Au-delà de la modernisation des infrastructures, la restructuration vise également à améliorer la lisibilité et l’accessibilité du parc. Actuellement enclavée, l’entrée principale, située au niveau des Grands Ducs d’Occident, sera conservée tandis qu’une seconde s’ouvrira sur une esplanade donnant sur le boulevard de Champagne, en connexion directe avec le tramway. Ce vaste parvis sera aménagé pour fluidifier les flux de visiteurs et renforcer l’intégration du parc des expositions dans son environnement urbain, à proximité de l’Auditorium et du Palais des Congrès. Les flux internes aux deux halls seront par ailleurs repensés, autour d’une galerie intérieure qui sera aménagée entre eux.
La livraison de l’ensemble est prévue pour 2030, le calendrier du projet prévoit la consultation dès avril prochain pour le marché organisé en format de conception-réalisation, suivie d’une sélection des candidats en 2026, d’un début des travaux en 2027 puis d’une ouverture progressive des nouveaux espaces. La municipalité insiste sur la nécessité de maintenir les activités pendant la durée du chantier, notamment la Foire internationale et gastronomique de Dijon, qui accueille 160.000 visiteurs chaque année. « Il est impératif que cet événement majeur continue d’exister, malgré les contraintes des travaux », insiste Nathalie Koenders. Des aménagements provisoires seront mis en place afin de minimiser l’impact sur le calendrier des manifestations.

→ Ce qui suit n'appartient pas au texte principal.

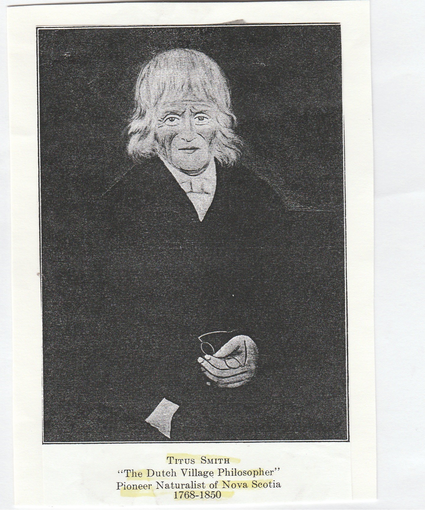 PANS, Map Coll., Nova Scotia general, “A map of Titus Smith’s Track through the Interior of Nova Scotia”; RG 1, 411, [no.144]; RG 34-312, P, 8, 18 March 1816. John Clarkson, Clarkson’s mission to America, 1791–1792, ed. and intro. C. B. Fergusson (Halifax, 1971). Acadian Recorder, 23 May 1829, 12 Jan. 1850. Colonial Farmer (Halifax). Novascotian, 3 July 1828, 7 Jan. 1850. Nova-Scotia Royal Gazette, 24 May 1808. Encyclopedia Canadiana. Sylvester Judd, History of Hadley . . . (Northampton, Mass., 1863). M. J. Katzmann, Mrs William Lawson, History of the townships of Dartmouth, Preston and Lawrencetown; Halifax County, N.S., ed. Harry Piers (Halifax, 1893; repr. Belleville, Ont., 1972), 205–18. Harry Piers, Titus Smith, “The Dutch Village Philosopher,” pioneer naturalist of Nova Scotia, 1768–1850 (Halifax, 1938). S. B. Elliott, “Titus Smith – the Dutch Village Philosopher,” Education Nova Scotia (Halifax), 4 (1974), no. 16: 1–2. C. B. Fergusson, “Mechanics’ institutes in Nova Scotia,” PANS Bull. (Halifax), 14 (1960): 32, 35. J. S. Martell, “From Central Board to secretary of agriculture, 1826–1885,” PANS Bull., 2 (1939–41), no. 3: 5. Harry Piers, “Artists in Nova Scotia,” N.S. Hist. Soc., Coll., 18 (1914): 139. T. M. Punch, “Maple sugar and cabbages: the ‘philosophy’ of the ‘Dutch Village Philosopher,’ Nova Scotia Hist. Quarterly, 8 (1978): 19–38. William Smith, “Some account of the life of Titus Smith,” Nova-Scotian Institute of Natural Science, Trans. (Halifax), 1 (1863–66), pt.4: 149–52. C. St. C. Stayner, “The Sandemanian loyalists,” N.S. Hist. Soc., Coll., 29 (1951): 81–82, 104–5.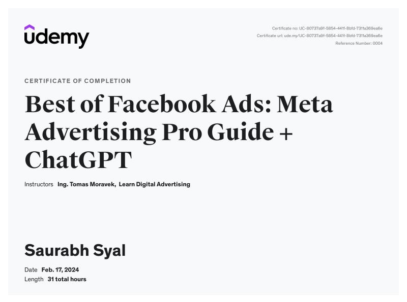 "Saurabh Syal, whom I had the pleasure of working with as a Social Media Manager, impressed me with his wealth of knowledge in social media optimization, content creation, and running successful advertising campaigns."
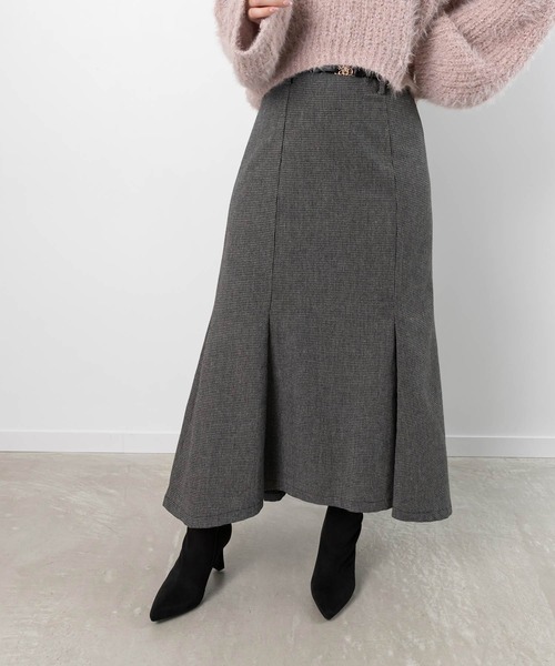 ◆2024AW新商品◆ スタイルアップ効果のある美シルエットのマーメイドスカート。 腰周りはすっきり見せつつ、裾に向かって贅沢に広がるラインがポイント。 身体のラインを拾い過ぎない厚みのある生地を使用しているので、 秋冬の重厚感漂うスタイリングにマッチする1着です。 POINT ・裾に向かって上品に広がるマーメイドシルエット ・すっきり見えする腰周り ・高めのウエスト位置でスタイルアップ効果あり ・ウエストは折りかえしても着用可能な2WAY仕様 ・ウエストの後ろは一部ゴム入りでストレスフリーな着心地 ・身体のラインを拾いすぎないしっかりとした生地感 ・ミックスは上品な千鳥格子柄の生地を使用 ・セットの上品なモノグラム金具ベルトもポイント COORDINATE 幅広いトップスと相性が良く、コーディネートの幅が広がります。 ウエストの後ろは一部ゴム入りなのでトップスをインしてももたつかずに着用していただけます。 - - - - - - - - - - - - - - - 洗濯方法:手洗い可 透け感:なし 裏地:あり 伸縮性:なし 生地の厚さ:普通 - - - - - - - - - - - - - - - 【スカート裏地:裾周り】 0:160 1:168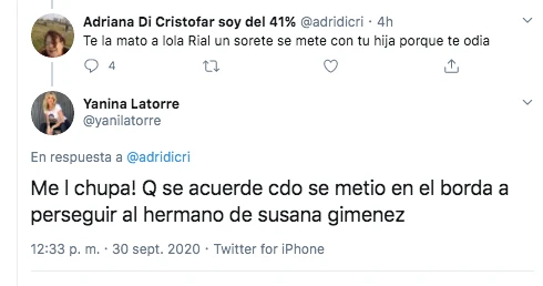 Hace unas horas, una usuaria le escribió en Twitter y le echó nafta al fuego: “Te la mató a Lola Rial un sorete se mete con tu hija porque te odia”. Lejos de tomarse un tiempo para analizar las declaraciones del periodista, la panelista de LAM saltó con todo, fiel a su estilo filoso.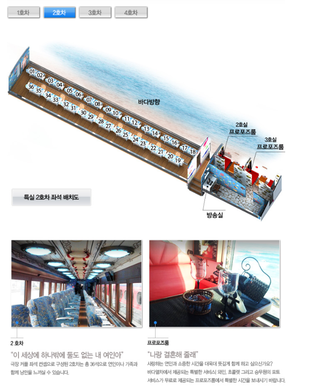 | 2호차(36석) | 사랑이 가득한 2호차는 극장의 커플좌석으로 연인이나 부부 사이의 고객에게 잘 어울리는 객실 |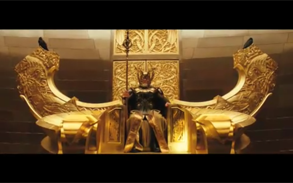 Odin in the movie Thor. Aside from the chair being way overdone, thoseravens are well-behaved. I'd a thought they'd shit all over it.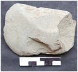 The butt is thick made by alternate flaking with relatively large flake scars. Both the faces retain vertical and oblong cut mark due to flaking. The sides are trimmed by removing small flake scars. Both the faces retain cortex. It is slightly concave on the ventral and the dorsal remains flat near the working edge. The tool retains used marks.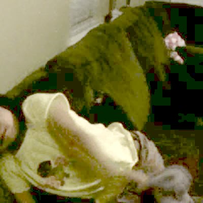 A baby girl cries in a living room. Her uncle puts a blanket over her, and she stops, but she starts again each time he moves the blanket.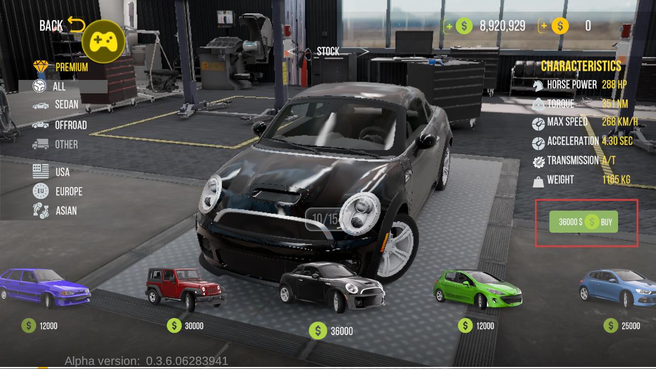 2、在选车界面能浏览SEDAN、OFFROAD等不同类型车辆,查看马力、扭矩等性能参数,点击BUY即可购买心仪车辆。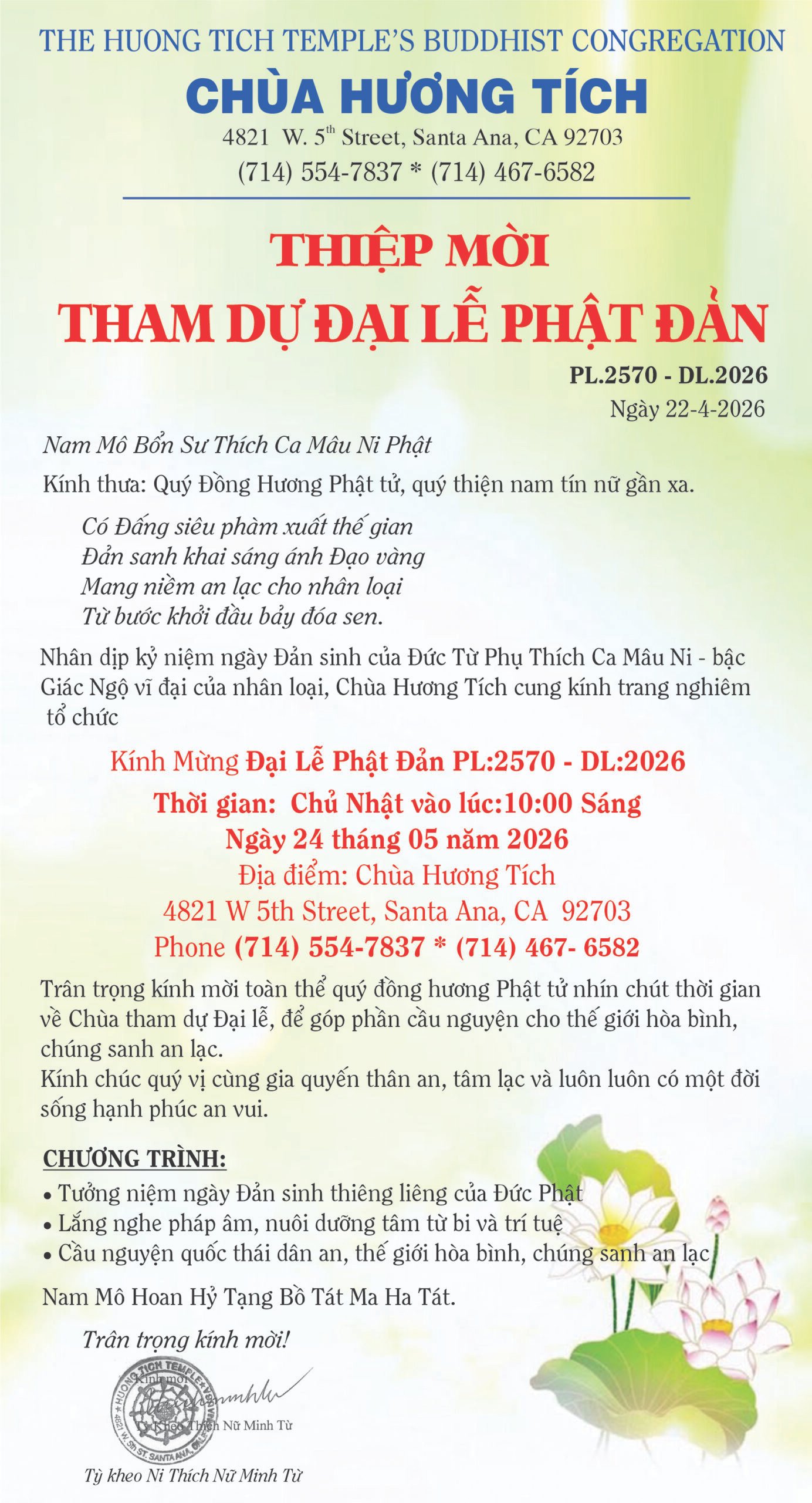 Chùa Hương Tích: Thư Mời Tham Dự Đại Lễ Phật Đản

L’ambition affichée est de renforcer l’attractivité du site à l’échelle nationale. « Lyon et Nantes ont récemment rénové leurs parcs des expositions, entraînant une hausse significative du nombre d’événements, respectivement de +14 % et +120 % », rappelle la maire de Dijon. Dans cette optique, la municipalité espère convaincre la région Bourgogne-Franche-Comté et le département de rejoindre le projet. « Je présenterai personnellement le projet à François Sauvadet, et j’ai reçu confirmation de Marie-Guite Dufay quant à l’implication de la région », confie Nathalie Koenders.
- Octobre 1955 : convention entre la Ville de Dijon, la Chambre de Commerce, la SA immobilière des expositions de Bourgogne et l’association Foire internationale de Dijon pour créer un Parc des expositions
- 3 novembre 1956 : inauguration pour la 27ème foire gastronomique de la ville
- Fin des années 1980 et début des années 1990 : extension du parc avec construction du Hall 2. L’association Parc des Expositions et des Congrès de Dijon devient propriétaire de certains bâtiments qui doivent revenir à la municipalité au terme de la concession.
- 16 avril 2023, après la mise à l’écart de l’association gestionnaire, devenue Dijon Congrexpo, l’exploitation est confiée à la société publique locale (SPL) Dijon Bourgogne Events, créée par la Ville de Dijon et Dijon métropole qui en sont les actionnaires et seront rejoints par le conseil départemental de Côte-d'Or.